(Records from a collection)
==================================================

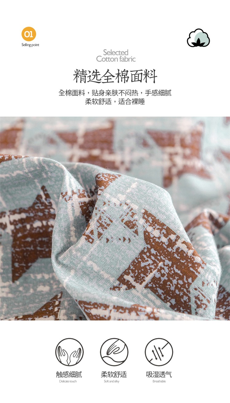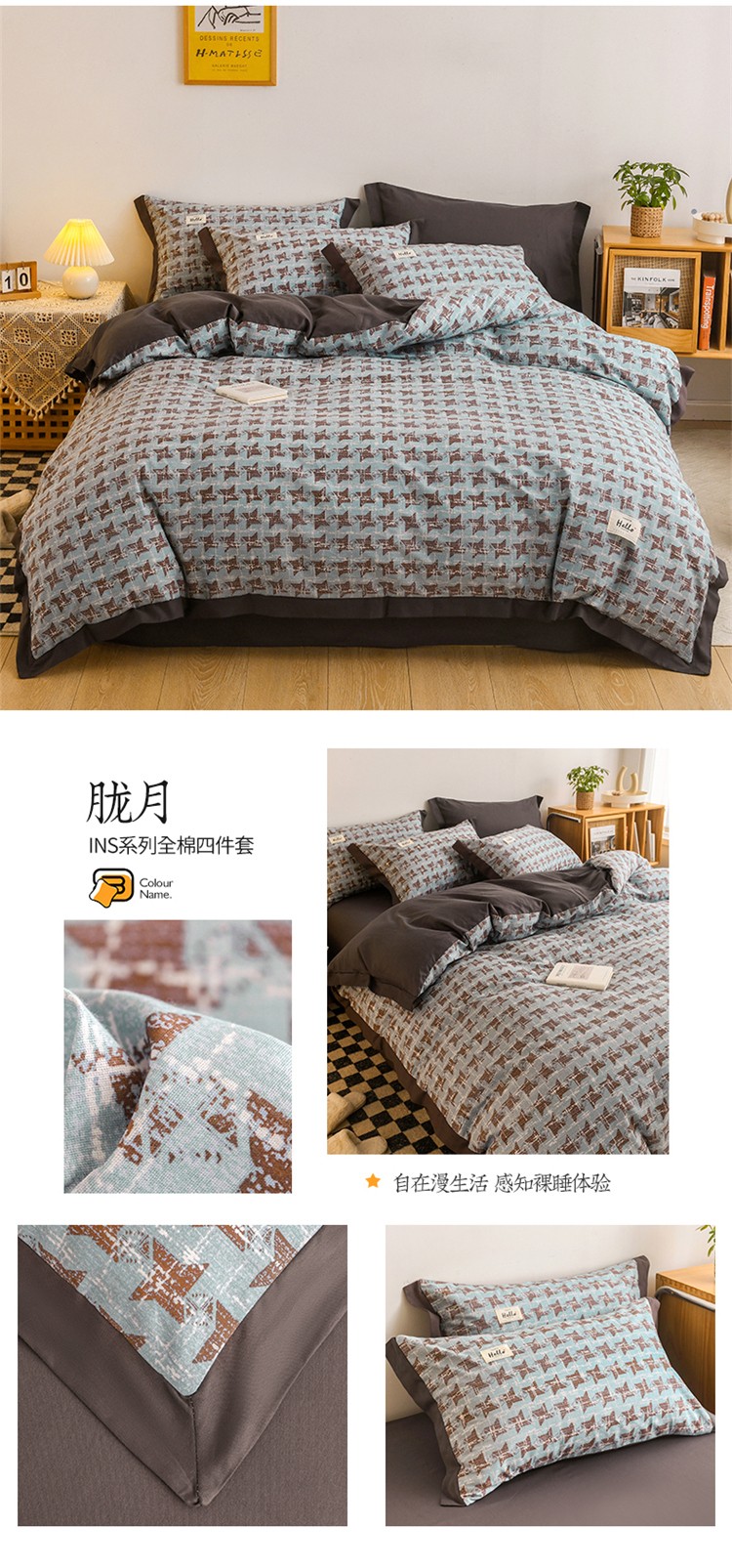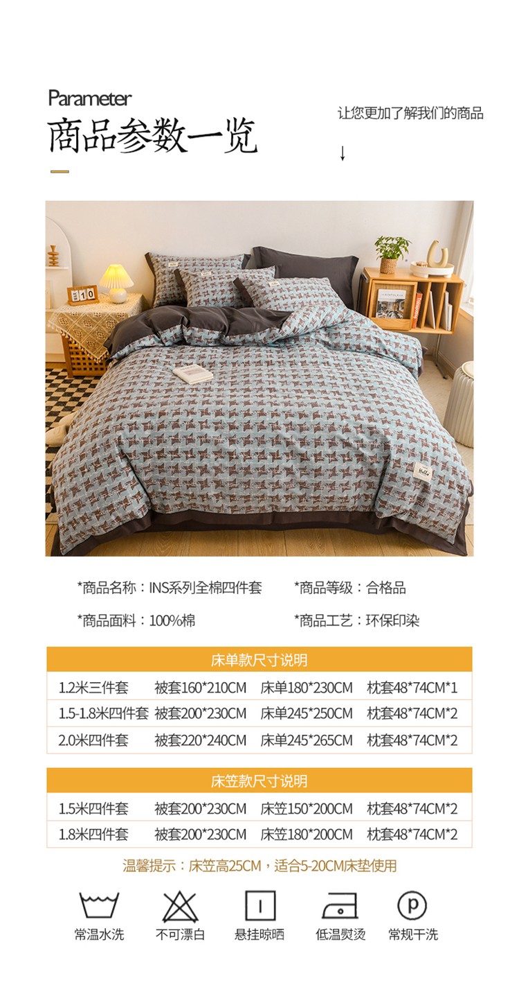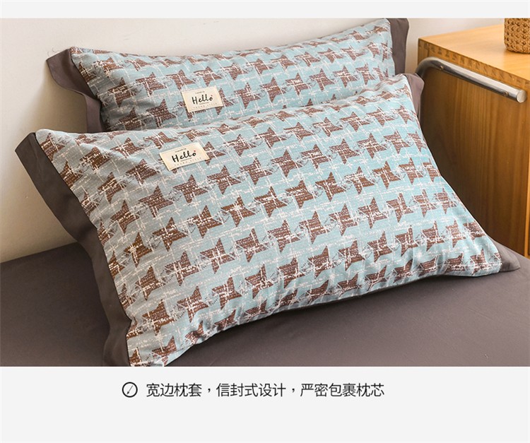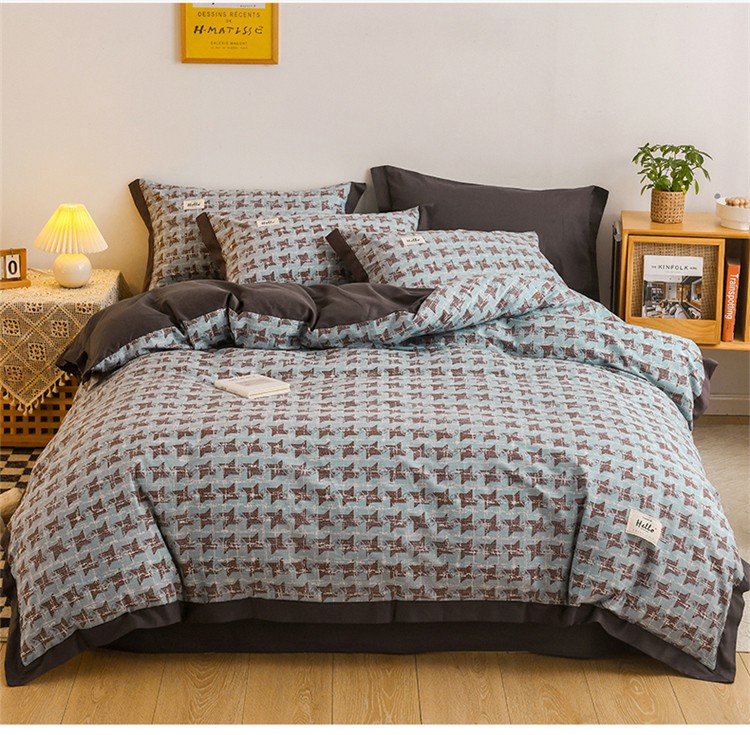 商品名称:花言狐语2025新款全棉色布13372拼角工艺款四件套 胧月
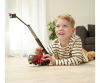 A piros tűzoltóautó forgó kerekekkel rendelkezik, és a kisgyermekek könnyen manőverezhetnek vele. Ezenkívül szirénával és villogó lámpákkal is figyelmeztethetik forgalom többi résztvevőjét.
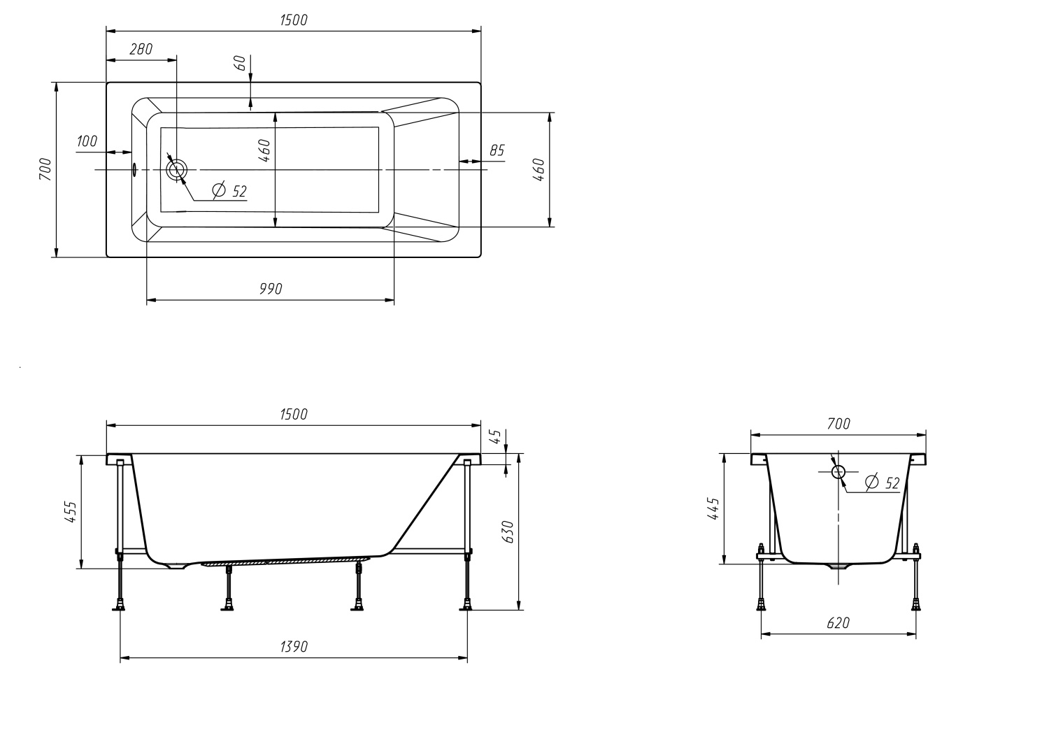 Акриловая ванна Roca Leon 150х70 см 248659000
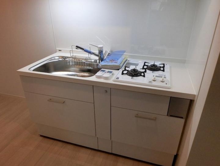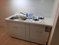 二面採光の1LDKはインターネット利用料が無料。2口ガスのシステムキッチンや追い炊き、浴室乾燥機、温水洗浄便座、エアコン2基等の設備に優れ、宅配ボックスやセコム、敷地内ゴミ置場等の共用設備も充実。
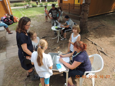 Da nicht alle gleichzeitig anreisten, nutzten alle Kinder die Zeit um Namensschilder zu basteln.

==================================================

Task: An exact copy is needed of the lines running from the one with "二面採光の1LDKはインター" through the end of the data above, and of those lines only, without pictures.

Answer below:
 二面採光の1LDKはインターネット利用料が無料。2口ガスのシステムキッチンや追い炊き、浴室乾燥機、温水洗浄便座、エアコン2基等の設備に優れ、宅配ボックスやセコム、敷地内ゴミ置場等の共用設備も充実。
 Da nicht alle gleichzeitig anreisten, nutzten alle Kinder die Zeit um Namensschilder zu basteln.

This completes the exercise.